═══ Provided data

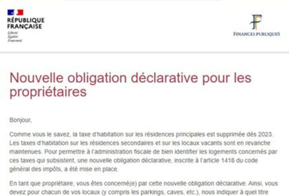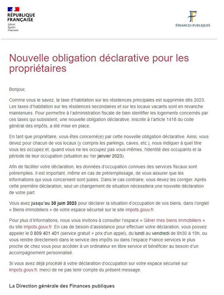 Bonjour, Comme vous le savez, la taxe d’habitation sur les résidences principales est supprimée dès 2023. Les taxes d’habitation sur les résidences secondaires et sur les locaux vacants sont en revanche maintenues. Pour permettre à l’administration fiscale de bien identifier les logements concernés par ces taxes qui subsistent, une nouvelle obligation déclarative, inscrite à l’article 1418 du code général des impôts, a été mise en place. En tant que propriétaire, vous êtes concerné(e) par cette nouvelle obligation déclarative. Ainsi, vous devez pour chacun de vos locaux (y compris les parkings, caves, etc.), nous indiquer à quel titre vous les occupez et, quand vous ne les occupez pas vous-mêmes, l’identité des occupants et la période de leur occupation (situation au 1er janvier 2023). Afin de faciliter votre déclaration, les données d’occupation connues des services fiscaux sont préremplies. Il est important, même en cas de préremplissage, de vous assurer que les informations qui vous concernent sont justes. Dans le cas contraire, vous devez les corriger. Après cette première déclaration, seul un changement de situation nécessitera une nouvelle déclaration de votre part. Vous avez jusqu’au 30 juin 2023 pour déclarer la situation d’occupation de vos biens, dans l’onglet « Biens immobiliers » de votre espace sécurisé sur le site impots.gouv.fr. Pour plus d’informations, nous vous invitons à consulter l’espace « Gérer mes biens immobiliers » du site impots.gouv.fr. En cas de besoin d’assistance pour effectuer votre déclaration, vous pouvez appeler le 0 809 401 401 (service gratuit + prix d’un appel), du lundi au vendredi de 8h30 à 19h, ou vous rendre directement dans le service des impôts ou dans l’espace France services le plus proche de chez vous pour accéder à un ordinateur en libre service et bénéficier au besoin d’un accompagnement personnalisé. Si vous avez déjà procédé à votre déclaration d’occupation sur votre espace sécurisé sur impots.gouv.fr, merci de ne pas tenir compte du présent message. La Direction générale des Finances publiques |
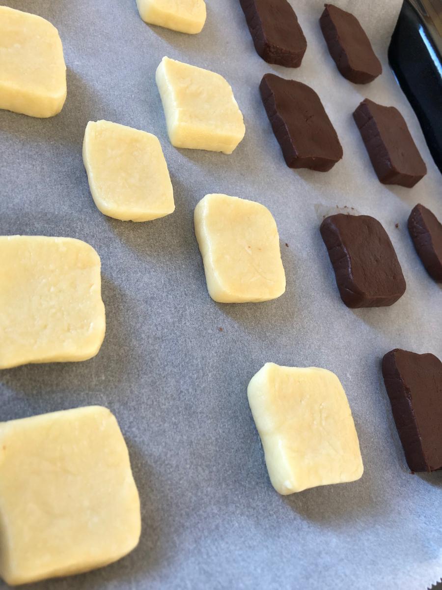 クッキー! って言っても普通の硬いクッキーじゃなくて、チョコレートを入れてとろけるクッキーを作りましたよ! ケーキ屋さんでとろけるクッキー食べて、美味しすぎたから自分で作ってみたんだけど、普通のクッキーに比べてやき時間が短いから焼けてるのか心配になったけど、美味しくできました! これは、焼き立てよりも時間が経って冷たくなってからの方が美味しいことが分かりました! ちなみに、この写真は焼いたあとじゃなくて焼く前の写真!笑 焼いたあとは撮るの忘れました😅(4)
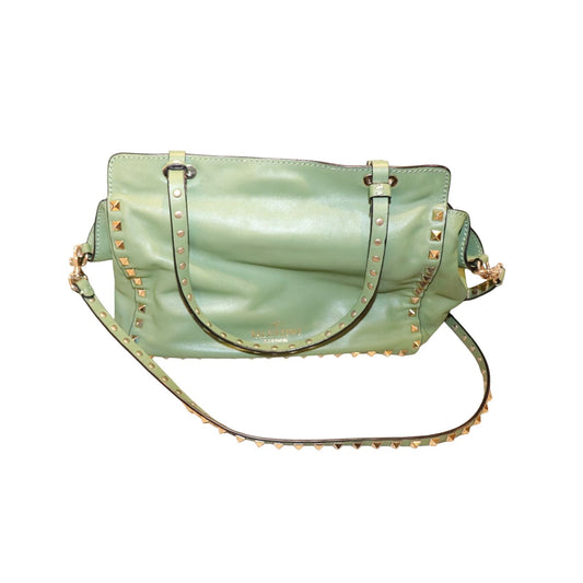 Valentino Rockstud Green Leather Tote Bag With Gold-Tone Hardware & Shoulder Strap
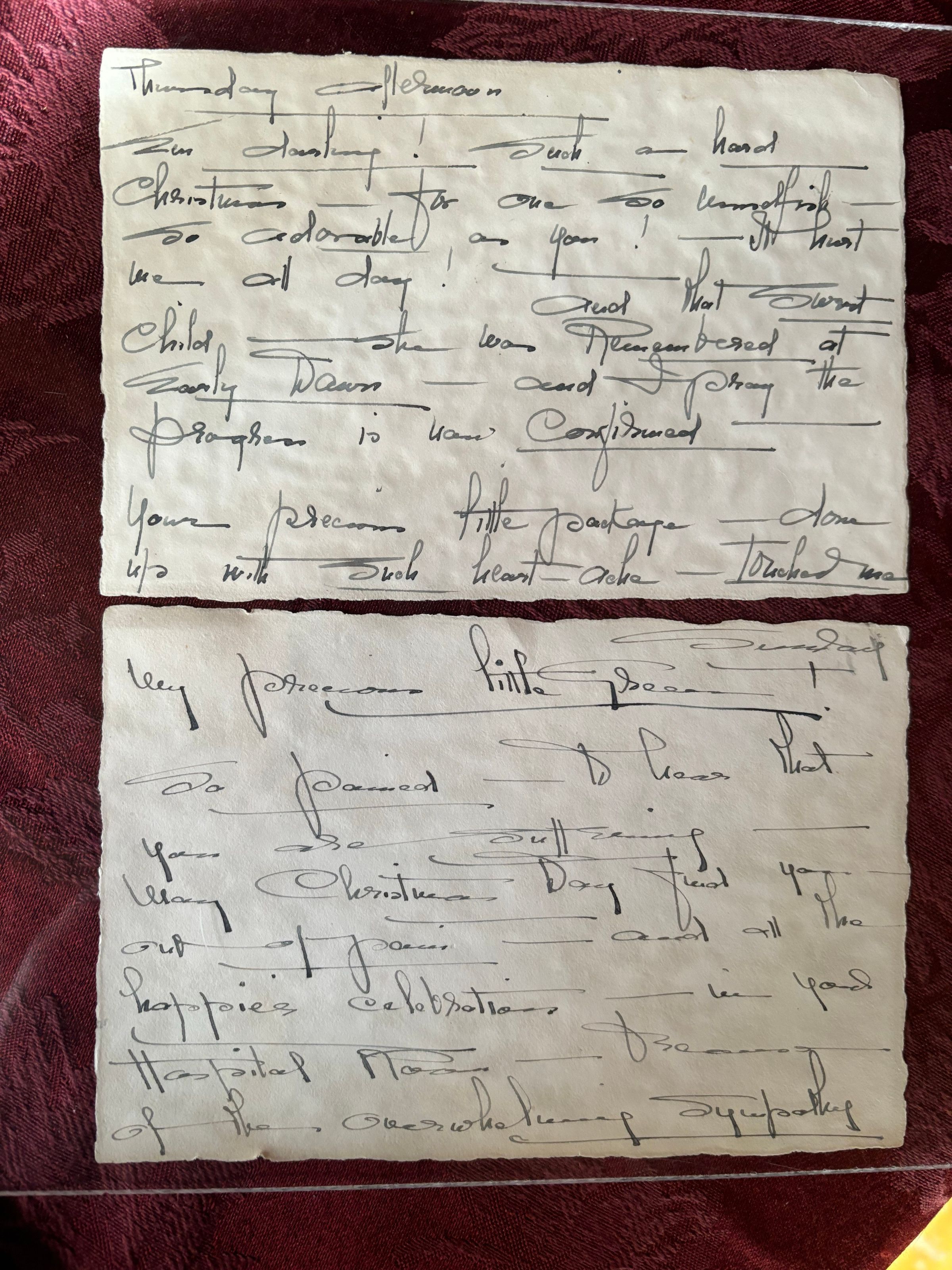 This is a letter to Emma, thanking her for a package she sent. We are unsure of the sender, but the handwriting is similar to a card from her three siblings, so likely it is from one of them. Julia Bray CoonCreate Date
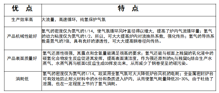 接着我们详细了解下,全氢罩式炉是采用100%的H2作为退火介质,钢卷的径向导热系数较大,提高了钢卷内部的传热速度,减少升温过程中钢卷的内外温差,能获得更好的机械性能;采用全氢退火,钢卷不脱碳、不增碳,带钢表面的润滑液能更容易挥发,能确保带钢表面的光亮程度;由于氢气的比重较小,节约能源。
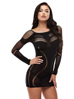 Sukienka mini wykonana z elastycznej siateczki w kolorze czarnym. Idealnie opina ciało prezentując walory sylwetki.
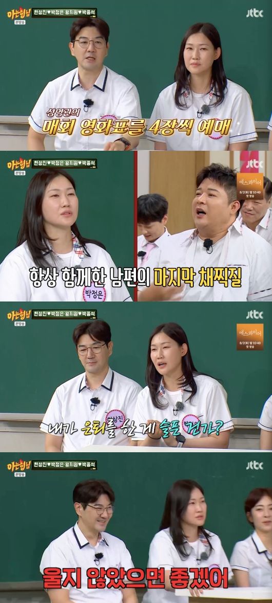 박정은 못지않게 한상진도 적극적인 아내의 외조를 자랑했다. 박정은은 “은퇴를 선언하고 시즌을 시작했다. 나는 선수 생활을 할 만큼 다 했다. 시원했다. 옆에서 계속 펑펑 우는 것이다. 내가 은퇴를 해서 슬픈 건가, 농구를 못 봐서 슬픈 건가. 농구장에 오는 건 괜찮은데 아무 데서나 울지 않았으면 좋겠다”라고 말했다.
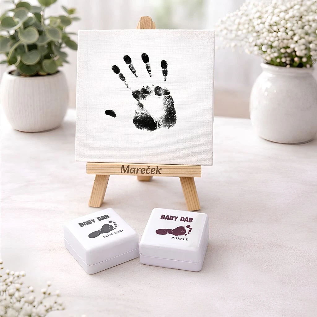 - ✓ Bezpečné inkoustové polštářky BABYDAB součástí balení - lze omýt pouze vodou
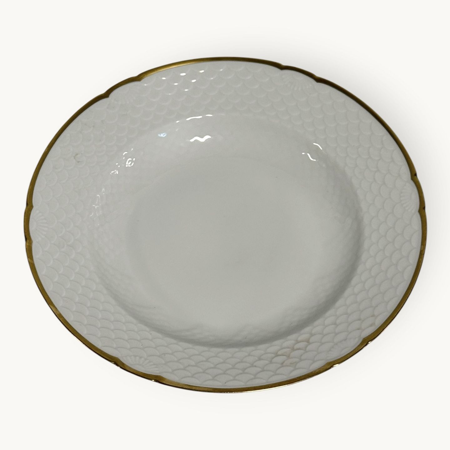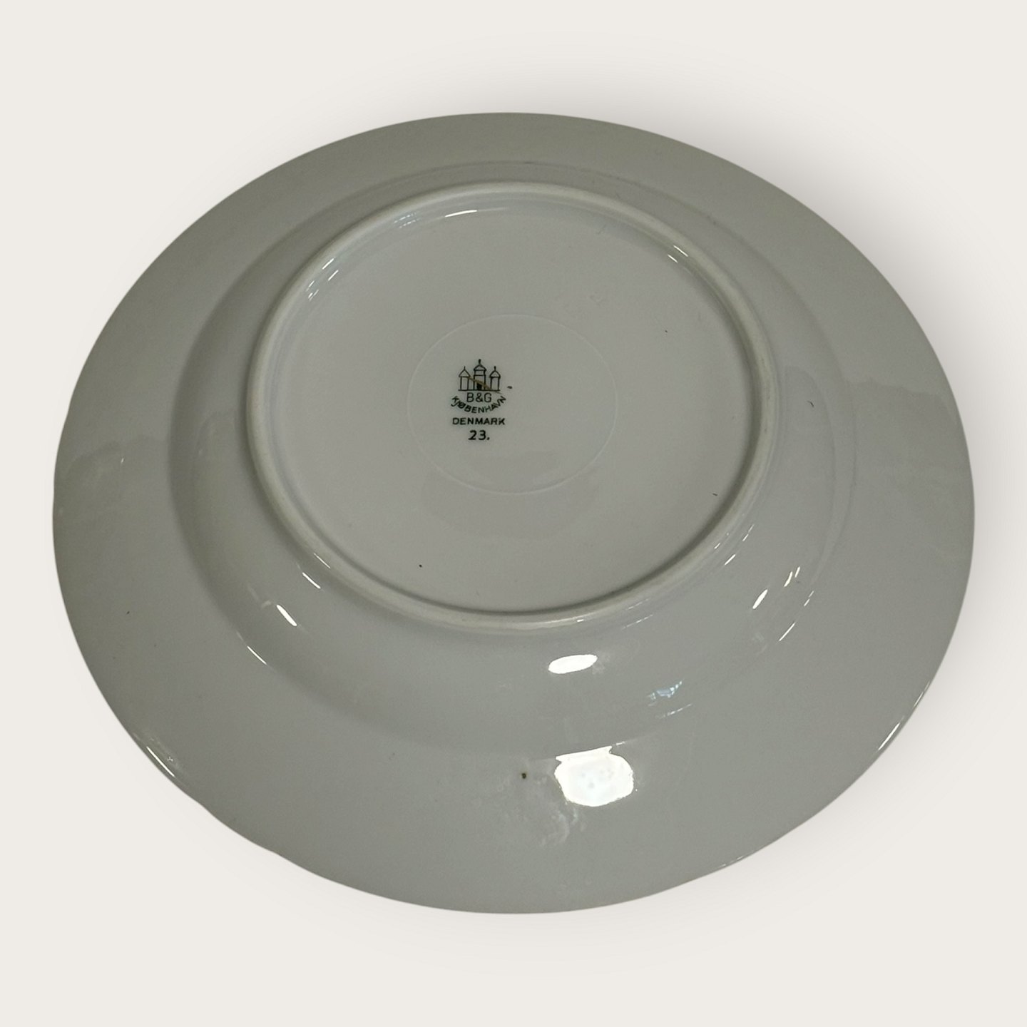 Bing & Grondahl, Aakjær, White porcelain with a gold rim, deep plate # 23, 21.5cm in diameter, 1st grade *Good condition*Stock: 11
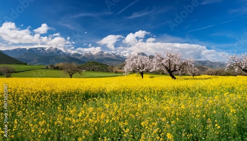© Rocky, Obraz premium Idyllic Meadow Landscape With Wildflowers Rolling Hills And Dramatic Skies
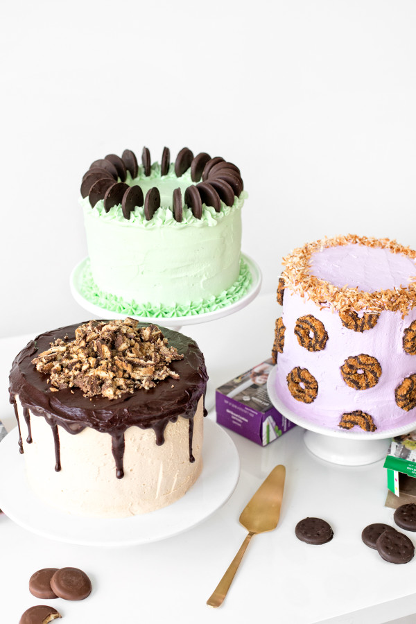 ‘Tis the season!!! If you’ve snagged yourself a couple boxes of Girl Scout Cookies please allow us to bring you… Girl Scout Cookie CAKES! Say whattttt!!!?? We’ve got three of them for you today and each one is not only flavored like the cookies, but they have cookies inside of them AND they are decorated with them too. I MEAN! DREAMS REALLY DO COME TRUE YOU GUYS. Now go hunt down your neighborhood Girl Scouts and get to work!
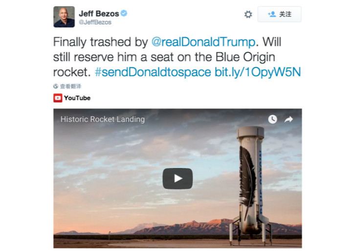 终于被 @realDonaldTrump 给诋毁了。准备在 Blue Origin 的火箭上给他留个位置。
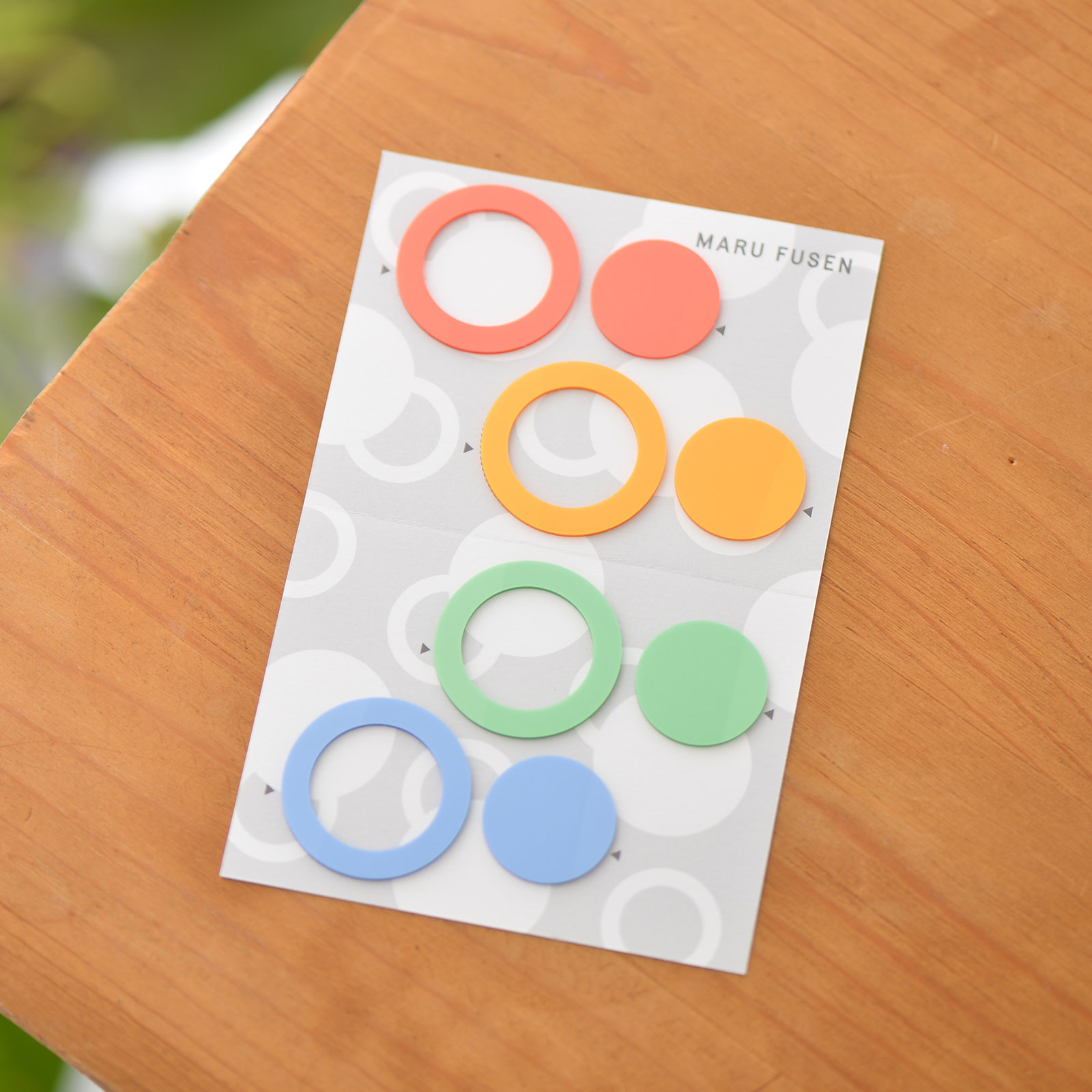 These colorful round sticky notes are sized-to-fit with the grid paper of the Japanese Hobonichi Techo Original / Cousin. They work well for marking dates on the monthly calendar, and you can also write on them.

══════

- _What this task involves_: Write out every line above exactly as it is, leaving out the pictures.

- _Answer area_:
 Bonjour, Comme vous le savez, la taxe d’habitation sur les résidences principales est supprimée dès 2023. Les taxes d’habitation sur les résidences secondaires et sur les locaux vacants sont en revanche maintenues. Pour permettre à l’administration fiscale de bien identifier les logements concernés par ces taxes qui subsistent, une nouvelle obligation déclarative, inscrite à l’article 1418 du code général des impôts, a été mise en place. En tant que propriétaire, vous êtes concerné(e) par cette nouvelle obligation déclarative. Ainsi, vous devez pour chacun de vos locaux (y compris les parkings, caves, etc.), nous indiquer à quel titre vous les occupez et, quand vous ne les occupez pas vous-mêmes, l’identité des occupants et la période de leur occupation (situation au 1er janvier 2023). Afin de faciliter votre déclaration, les données d’occupation connues des services fiscaux sont préremplies. Il est important, même en cas de préremplissage, de vous assurer que les informations qui vous concernent sont justes. Dans le cas contraire, vous devez les corriger. Après cette première déclaration, seul un changement de situation nécessitera une nouvelle déclaration de votre part. Vous avez jusqu’au 30 juin 2023 pour déclarer la situation d’occupation de vos biens, dans l’onglet « Biens immobiliers » de votre espace sécurisé sur le site impots.gouv.fr. Pour plus d’informations, nous vous invitons à consulter l’espace « Gérer mes biens immobiliers » du site impots.gouv.fr. En cas de besoin d’assistance pour effectuer votre déclaration, vous pouvez appeler le 0 809 401 401 (service gratuit + prix d’un appel), du lundi au vendredi de 8h30 à 19h, ou vous rendre directement dans le service des impôts ou dans l’espace France services le plus proche de chez vous pour accéder à un ordinateur en libre service et bénéficier au besoin d’un accompagnement personnalisé. Si vous avez déjà procédé à votre déclaration d’occupation sur votre espace sécurisé sur impots.gouv.fr, merci de ne pas tenir compte du présent message. La Direction générale des Finances publiques |
 クッキー! って言っても普通の硬いクッキーじゃなくて、チョコレートを入れてとろけるクッキーを作りましたよ! ケーキ屋さんでとろけるクッキー食べて、美味しすぎたから自分で作ってみたんだけど、普通のクッキーに比べてやき時間が短いから焼けてるのか心配になったけど、美味しくできました! これは、焼き立てよりも時間が経って冷たくなってからの方が美味しいことが分かりました! ちなみに、この写真は焼いたあとじゃなくて焼く前の写真!笑 焼いたあとは撮るの忘れました😅(4)
 Valentino Rockstud Green Leather Tote Bag With Gold-Tone Hardware & Shoulder Strap
 This is a letter to Emma, thanking her for a package she sent. We are unsure of the sender, but the handwriting is similar to a card from her three siblings, so likely it is from one of them. Julia Bray CoonCreate Date
 接着我们详细了解下,全氢罩式炉是采用100%的H2作为退火介质,钢卷的径向导热系数较大,提高了钢卷内部的传热速度,减少升温过程中钢卷的内外温差,能获得更好的机械性能;采用全氢退火,钢卷不脱碳、不增碳,带钢表面的润滑液能更容易挥发,能确保带钢表面的光亮程度;由于氢气的比重较小,节约能源。
 Sukienka mini wykonana z elastycznej siateczki w kolorze czarnym. Idealnie opina ciało prezentując walory sylwetki.
 박정은 못지않게 한상진도 적극적인 아내의 외조를 자랑했다. 박정은은 “은퇴를 선언하고 시즌을 시작했다. 나는 선수 생활을 할 만큼 다 했다. 시원했다. 옆에서 계속 펑펑 우는 것이다. 내가 은퇴를 해서 슬픈 건가, 농구를 못 봐서 슬픈 건가. 농구장에 오는 건 괜찮은데 아무 데서나 울지 않았으면 좋겠다”라고 말했다.
 - ✓ Bezpečné inkoustové polštářky BABYDAB součástí balení - lze omýt pouze vodou
 Bing & Grondahl, Aakjær, White porcelain with a gold rim, deep plate # 23, 21.5cm in diameter, 1st grade *Good condition*Stock: 11
© Rocky, Obraz premium Idyllic Meadow Landscape With Wildflowers Rolling Hills And Dramatic Skies
 ‘Tis the season!!! If you’ve snagged yourself a couple boxes of Girl Scout Cookies please allow us to bring you… Girl Scout Cookie CAKES! Say whattttt!!!?? We’ve got three of them for you today and each one is not only flavored like the cookies, but they have cookies inside of them AND they are decorated with them too. I MEAN! DREAMS REALLY DO COME TRUE YOU GUYS. Now go hunt down your neighborhood Girl Scouts and get to work!
 终于被 @realDonaldTrump 给诋毁了。准备在 Blue Origin 的火箭上给他留个位置。
 These colorful round sticky notes are sized-to-fit with the grid paper of the Japanese Hobonichi Techo Original / Cousin. They work well for marking dates on the monthly calendar, and you can also write on them.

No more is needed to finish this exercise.